Der Süden gilt im Gegensatz dazu immerwährend unschuldig. Sogar als der Kolonialismus in die Vergangenheit verblasste, machten die Europäer sich rechtschaffen für das Leid der einst kolonisierten Völker verantwortlich. Ewige Unschuld bedeutet die Infantilisierung der Nichtwestler; die Europäer schmeicheln sich selbst, die einzig Erwachsenen zu sein – was selbst wieder eine Form des Rassismus ist. Es bietet sich außerdem an, um Kritik zuvorzukommen.
Rund eine Million Spanier protestierten am 12. März 2004 gegen die Terror-Bombenanschläge vom Vortag – und machte für die Gräueltat ihren eigenen Premierminister José María Aznar verantwortlich. |
Wie die Bombenanschläge von Madrid und zahllose andere Gewalttaten zeigen, haben Muslime tendenziell die feindseligsten Einstellungen dem Westen gegenüber; und die Palästinenser gehören zu den feinseligsten unter den Muslimen.
Die Relegitimierung von Antisemitismus
Dass die Palästinenser mit den Juden kämpfen, den Extrem-Opfern westlicher Blutrünstigkeit, macht sie perverserweise zu einem idealen Vehikel zur Entkräftung westlicher Schuld. Was die Dinge noch verschlimmert: Während die Europäer sich selbst entwaffnen, nehmen die Juden das Schwert in die Hand und schwingen es, ohne sich zu schämen.
Europa entlastet sich von den Verbrechen gegen die Juden, indem es die Palästinenser zu Opfern erhebt, egal, wie bösartig diese handeln; außerdem stellen sie die Israelis als moderne Nazis hin, egal, wie notwendig deren Selbstverteidigung ist.

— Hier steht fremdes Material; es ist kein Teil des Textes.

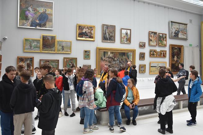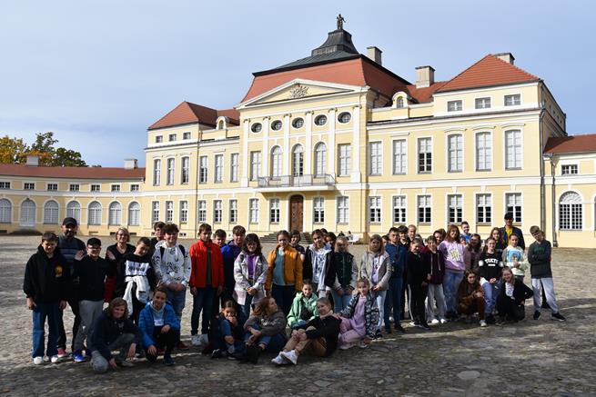Zespół pałacowo-parkowy w Rogalinie był głównym punktem krajoznawczo-edukacyjnej wycieczki uczniów klas szóstych. Plany budowy tej późnobarokowej rezydencji Raczyńskich z II połowy XVIII wieku przewidziane były pierwotnie dla Białośliwia. Kazimierz Nepomucen Raczyński, ówczesny właściciel Białośliwia, planował wybudować okazałą rodową rezydencję. Jednak niepewna sytuacja polityczna ziemi nadnoteckiej oraz zbliżający się rozbiór Rzeczypospolitej spowodował, że swoje ambitne budownicze plany zrealizował ostatecznie w podpoznańskim Rogalinie. Stąd wizyta białośliwskich uczniów w Rogalinie ma zawsze wymiar szczególny i sentymentalny. W Rogalinie uczniowie obejrzeli wnetrza pałacowe, galerię malarstwa, powozownię oraz otoczenie parkowe z największym skupiskiem dębów w Europie. W dalszej kolejności szóstoklasiści udali się do Poznania, aby obejrzeć film „King: Mój przyjaciel lew”. Opiekę nad uczniami sprawowali nauczyciele: Marcin Załachowski, Wojciech Kubiński, Piotr Coblewski oraz Marta Grzonkowska-Kopera.

So hat die Palästinenserfrage "still und heimlich den Hass auf die Juden relegitimiert". Die Europäer konzentrieren sich mit einer derartigen Intensität auf Israel, dass man meinen könnte, das Schicksal des Planeten werde "von dem winzigen Landstrich zwischen Tel Aviv, Ramallah und dem Gazastreifen" bestimmt.
USA lösen Europa ab
Und Amerika? So, wie "Europa sich vom Verbrechen der Schoah erlöst, indem es Israel beschuldigt, so erlöst es sich von der Sünde des Kolonialismus, indem es die Vereinigten Staaten beschuldigt". Ihr amerikanisches Kind in Acht und Bann zu legen erlaubt Europa sich zu brüsten.

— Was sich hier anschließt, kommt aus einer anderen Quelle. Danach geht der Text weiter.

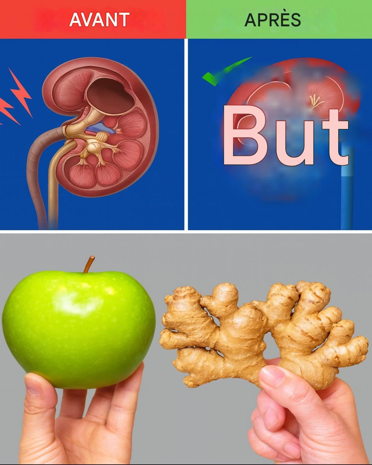 Les reins travaillent discrètement en coulisses, filtrant près de 200 litres de sang chaque jour pour éliminer les déchets et maintenir l’équilibre hydrique. Pourtant, beaucoup de gens négligent leur santé rénale jusqu’à ce que des problèmes surviennent. Selon la National Kidney Foundation, plus d’un adulte sur sept aux États-Unis souffre d’insuffisance rénale chronique, souvent sans le savoir. Et si un remède simple et naturel pouvait soutenir vos reins avant que les problèmes ne s’aggravent ? C’est là que les pommes et le gingembre entrent en jeu. Tous deux sont utilisés depuis longtemps en médecine traditionnelle et sont soutenus par la science nutritionnelle moderne. Combinés, les pommes et le gingembre créent un nettoyage naturel des reins qui non seulement favorise la détoxification, mais peut également améliorer le bien-être général. Dans cet article, vous découvrirez le fonctionnement de ce remède, comment le préparer et les résultats avant-après souvent rapportés.

Bruckner seinerseits lehnt dieses bequeme Entkommena ab und bewundert das Selbstvertrauen der Amerikaner und ihren Stolz auf ihr Land. "Wo Amerika sich durchsetzt, stellt Europa sich in Frage." Er vermerkt ebenfalls, dass in Notzeiten die Verdammten dieser Erde sich beständig an die USA wenden, nicht die Europäische Union. Für ihn sind die USA "die letzte große Nation des Westens".
Er hofft, dass Europa und Amerika wieder zusammenarbeiten werden; denn wenn sie das tun, "erzielen sie phänomenale Ergebnisse". Aber seine eigenen Beweismittel zeigen auf, wie unwahrscheinlich das ist.